DATA BELOW:
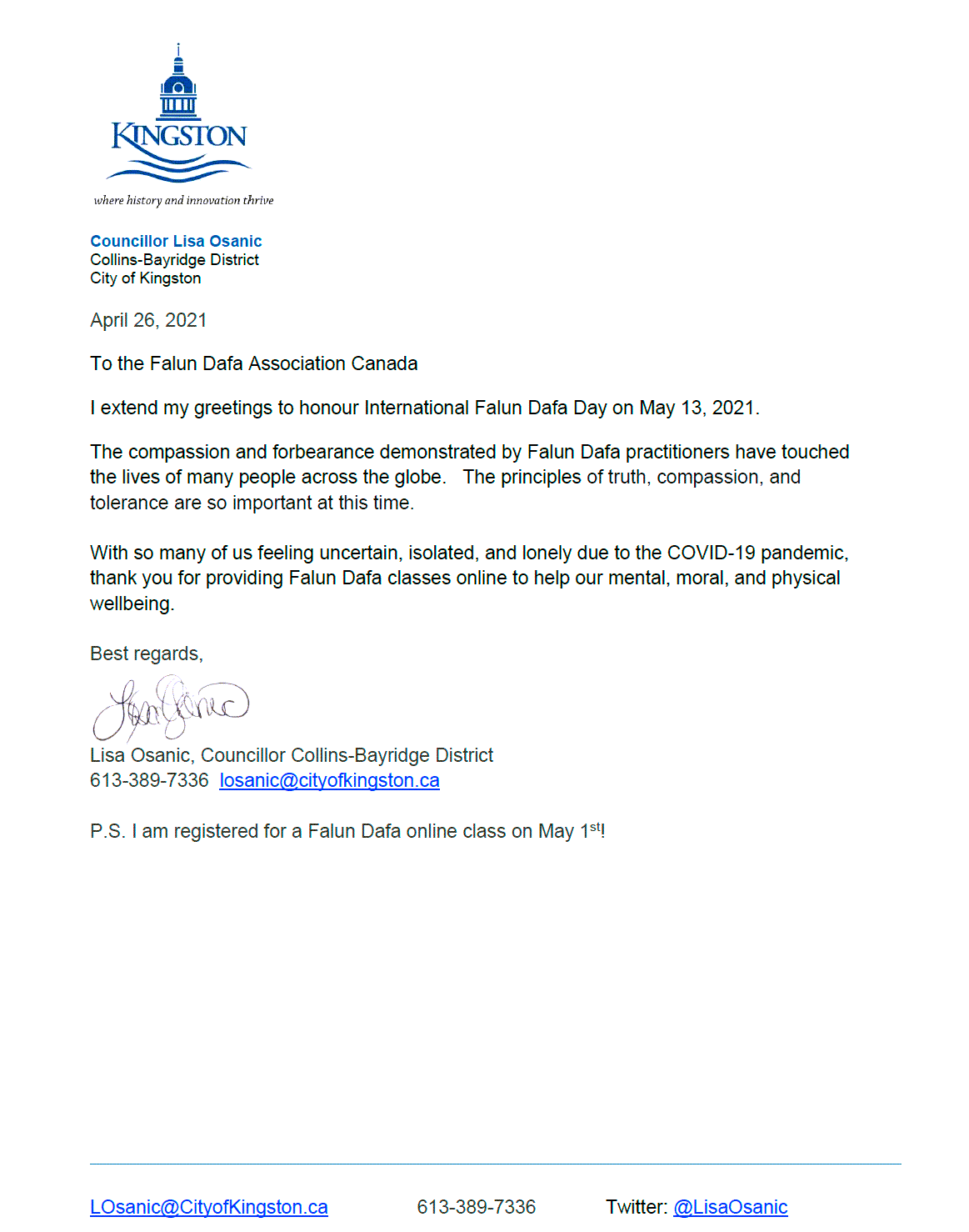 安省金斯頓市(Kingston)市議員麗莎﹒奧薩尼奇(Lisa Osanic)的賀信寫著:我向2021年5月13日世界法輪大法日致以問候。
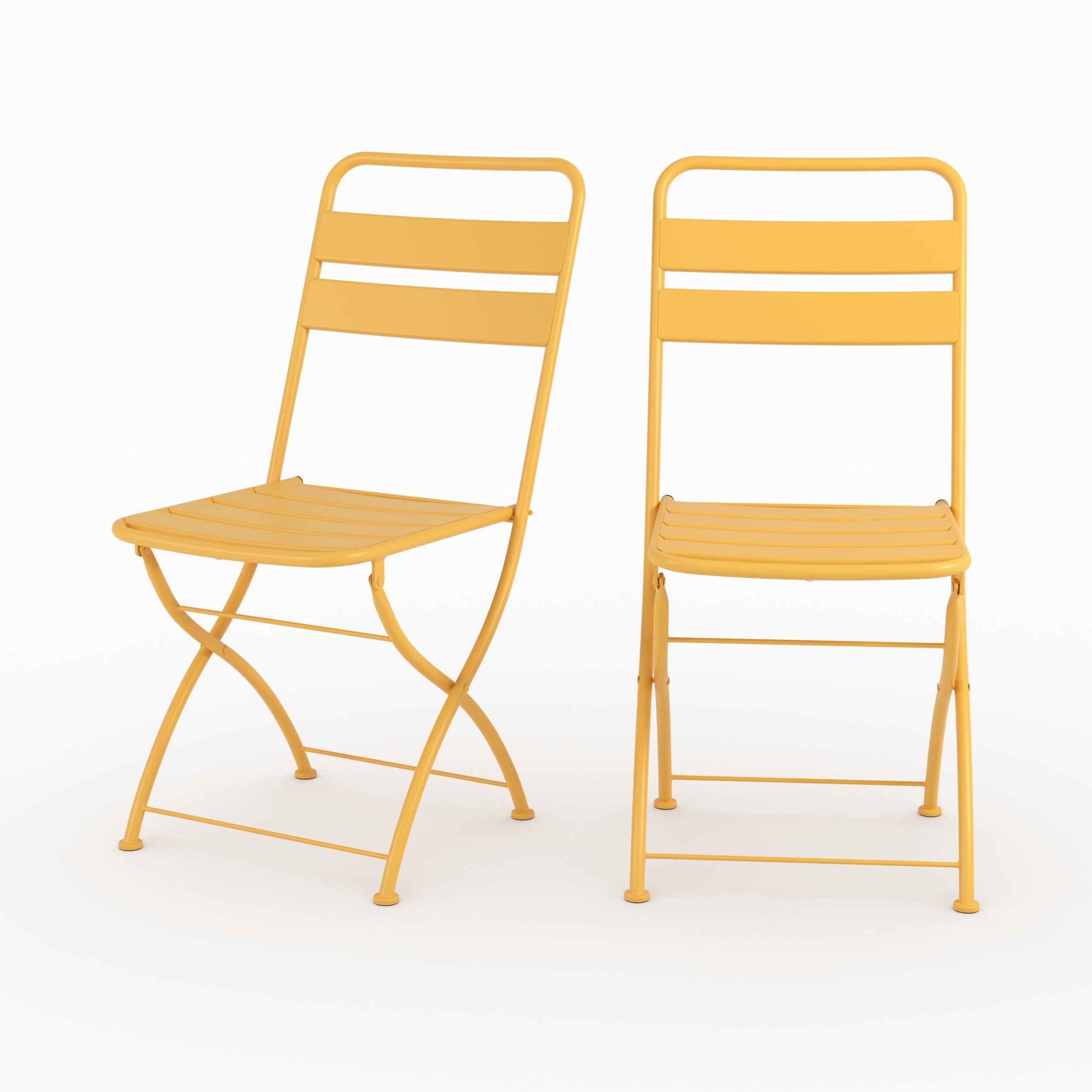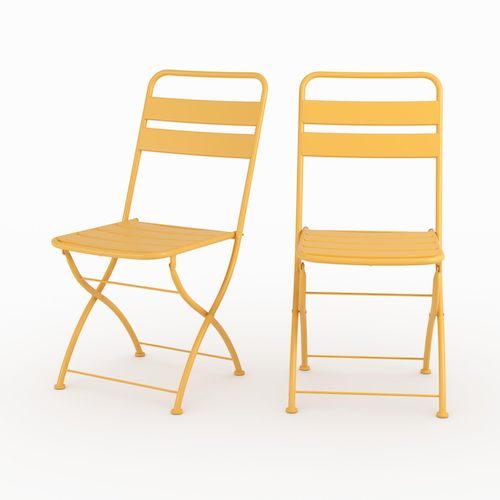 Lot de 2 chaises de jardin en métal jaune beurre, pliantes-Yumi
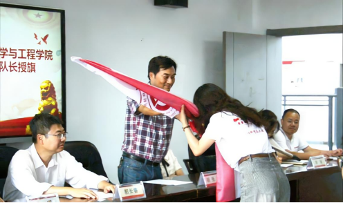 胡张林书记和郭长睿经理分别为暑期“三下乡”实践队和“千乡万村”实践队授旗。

WHAT TO DO:
Copy all of the data word for word, and keep the pictures out of it.

COMPLETED TASK:
 安省金斯頓市(Kingston)市議員麗莎﹒奧薩尼奇(Lisa Osanic)的賀信寫著:我向2021年5月13日世界法輪大法日致以問候。
 Lot de 2 chaises de jardin en métal jaune beurre, pliantes-Yumi
 胡张林书记和郭长睿经理分别为暑期“三下乡”实践队和“千乡万村”实践队授旗。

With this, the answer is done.